The answer should be the records below, word for word, with every image left out.
MATERIAL PROVIDED START
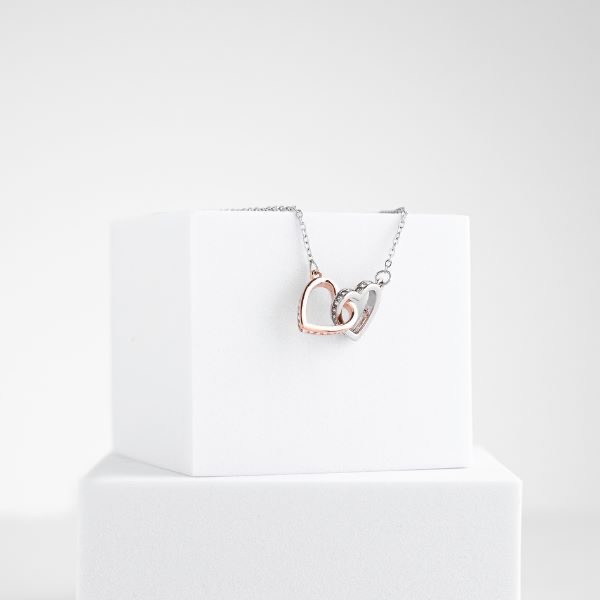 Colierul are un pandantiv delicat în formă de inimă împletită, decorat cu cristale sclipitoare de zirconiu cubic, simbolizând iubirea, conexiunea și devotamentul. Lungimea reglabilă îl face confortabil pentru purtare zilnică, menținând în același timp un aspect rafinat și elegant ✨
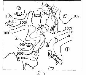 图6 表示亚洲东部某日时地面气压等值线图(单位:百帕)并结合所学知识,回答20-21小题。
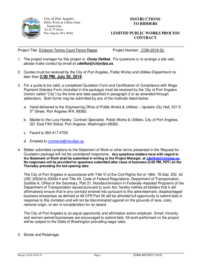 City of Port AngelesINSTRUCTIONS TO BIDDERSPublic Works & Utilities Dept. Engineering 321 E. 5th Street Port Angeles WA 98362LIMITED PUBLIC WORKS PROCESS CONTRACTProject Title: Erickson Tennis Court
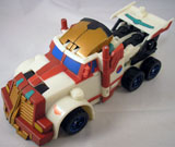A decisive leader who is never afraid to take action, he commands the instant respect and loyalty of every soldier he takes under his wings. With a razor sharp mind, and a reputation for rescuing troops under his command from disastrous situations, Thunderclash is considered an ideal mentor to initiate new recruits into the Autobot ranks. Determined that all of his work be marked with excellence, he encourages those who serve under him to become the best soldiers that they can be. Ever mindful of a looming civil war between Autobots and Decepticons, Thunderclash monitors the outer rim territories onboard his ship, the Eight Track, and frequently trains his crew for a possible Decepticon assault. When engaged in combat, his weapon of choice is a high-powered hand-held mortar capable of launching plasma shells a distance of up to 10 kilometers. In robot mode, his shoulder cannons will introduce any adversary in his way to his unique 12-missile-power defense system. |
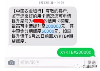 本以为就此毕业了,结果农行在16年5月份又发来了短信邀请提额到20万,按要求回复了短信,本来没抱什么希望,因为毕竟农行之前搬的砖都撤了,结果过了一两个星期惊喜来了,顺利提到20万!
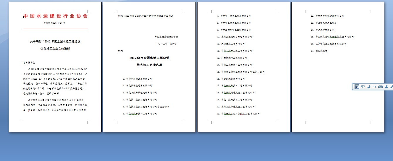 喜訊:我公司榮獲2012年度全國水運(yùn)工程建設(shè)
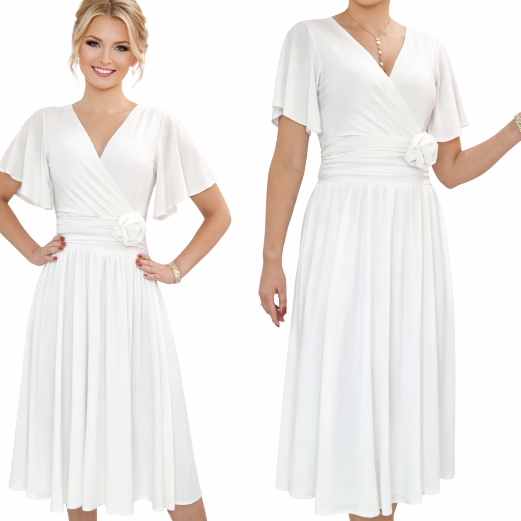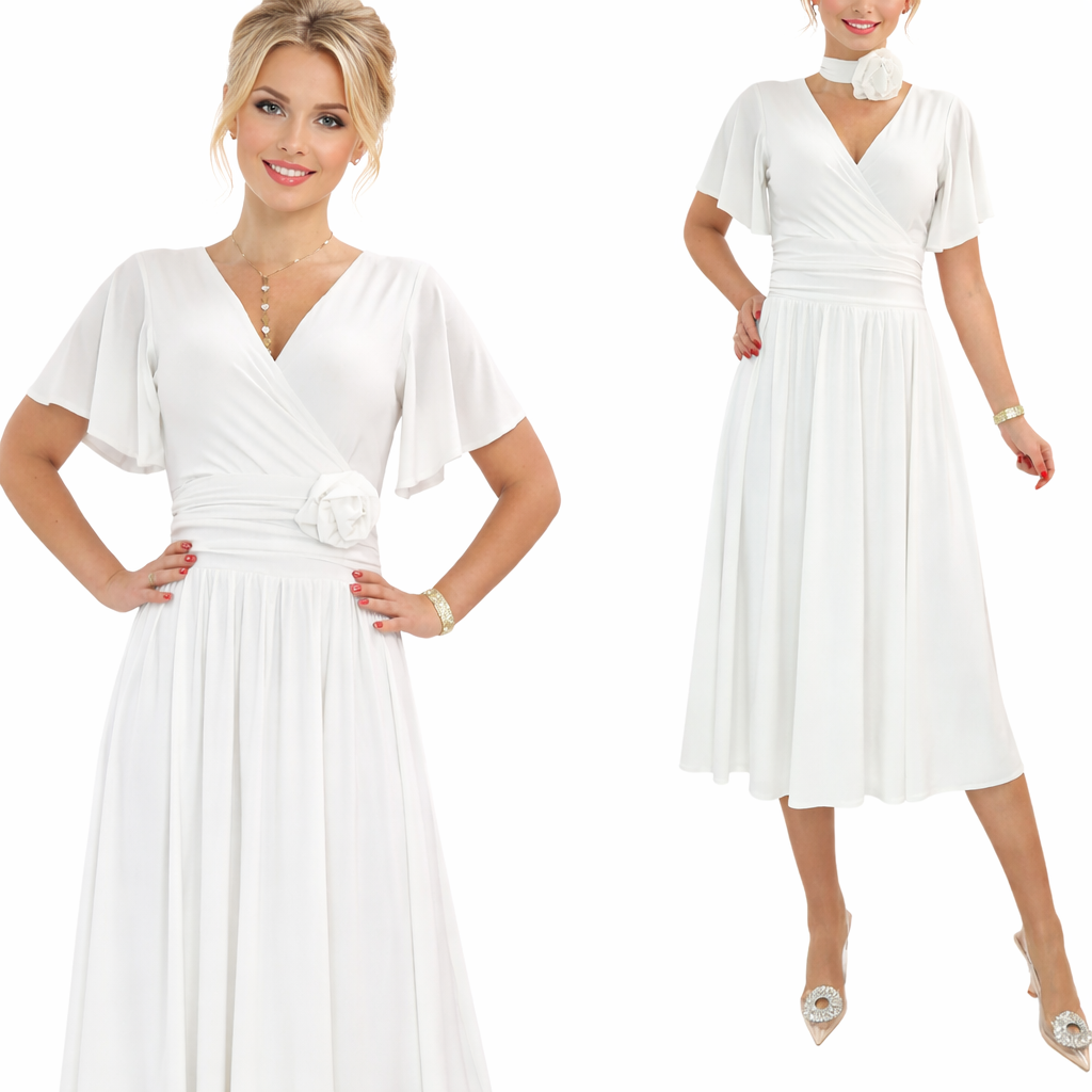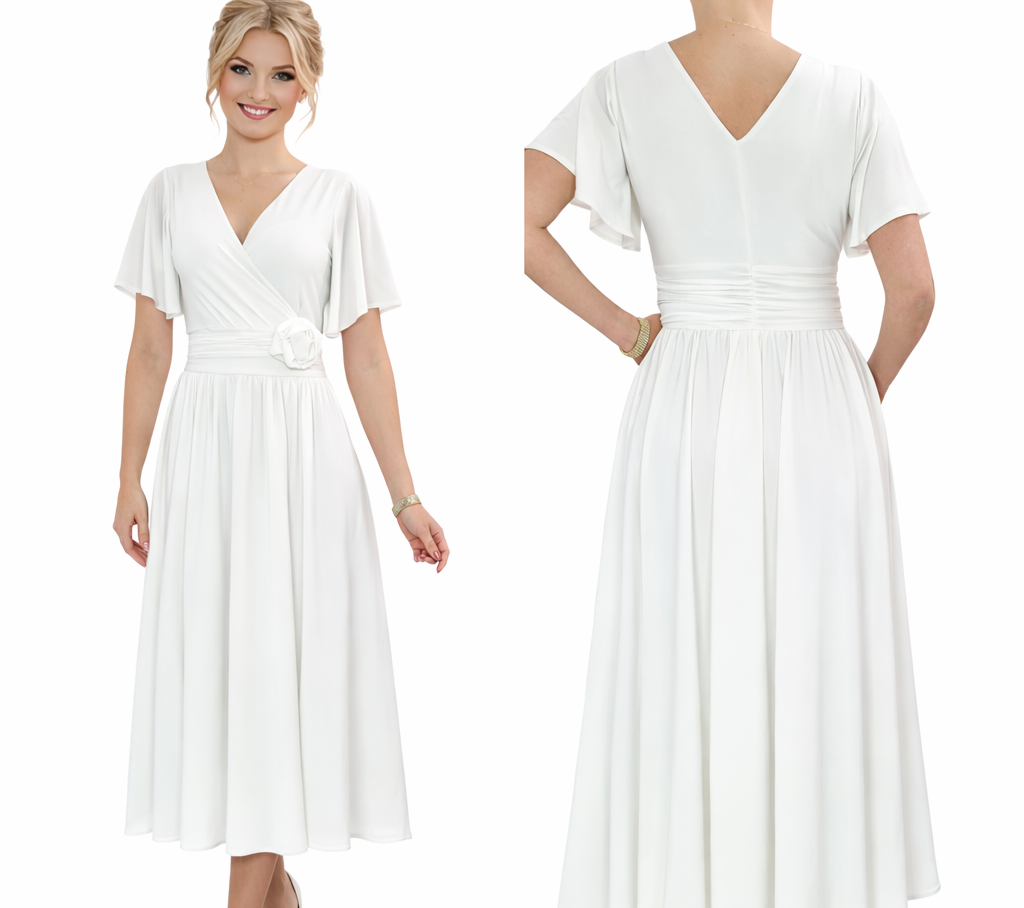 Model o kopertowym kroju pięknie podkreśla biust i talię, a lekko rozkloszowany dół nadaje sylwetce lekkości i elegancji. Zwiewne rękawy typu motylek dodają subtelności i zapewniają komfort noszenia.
MATERIAL PROVIDED END
> **RESPONSE AREA**
 Colierul are un pandantiv delicat în formă de inimă împletită, decorat cu cristale sclipitoare de zirconiu cubic, simbolizând iubirea, conexiunea și devotamentul. Lungimea reglabilă îl face confortabil pentru purtare zilnică, menținând în același timp un aspect rafinat și elegant ✨
 图6 表示亚洲东部某日时地面气压等值线图(单位:百帕)并结合所学知识,回答20-21小题。
 City of Port AngelesINSTRUCTIONS TO BIDDERSPublic Works & Utilities Dept. Engineering 321 E. 5th Street Port Angeles WA 98362LIMITED PUBLIC WORKS PROCESS CONTRACTProject Title: Erickson Tennis Court
A decisive leader who is never afraid to take action, he commands the instant respect and loyalty of every soldier he takes under his wings. With a razor sharp mind, and a reputation for rescuing troops under his command from disastrous situations, Thunderclash is considered an ideal mentor to initiate new recruits into the Autobot ranks. Determined that all of his work be marked with excellence, he encourages those who serve under him to become the best soldiers that they can be. Ever mindful of a looming civil war between Autobots and Decepticons, Thunderclash monitors the outer rim territories onboard his ship, the Eight Track, and frequently trains his crew for a possible Decepticon assault. When engaged in combat, his weapon of choice is a high-powered hand-held mortar capable of launching plasma shells a distance of up to 10 kilometers. In robot mode, his shoulder cannons will introduce any adversary in his way to his unique 12-missile-power defense system. |
 本以为就此毕业了,结果农行在16年5月份又发来了短信邀请提额到20万,按要求回复了短信,本来没抱什么希望,因为毕竟农行之前搬的砖都撤了,结果过了一两个星期惊喜来了,顺利提到20万!
 喜訊:我公司榮獲2012年度全國水運(yùn)工程建設(shè)
 Model o kopertowym kroju pięknie podkreśla biust i talię, a lekko rozkloszowany dół nadaje sylwetce lekkości i elegancji. Zwiewne rękawy typu motylek dodają subtelności i zapewniają komfort noszenia.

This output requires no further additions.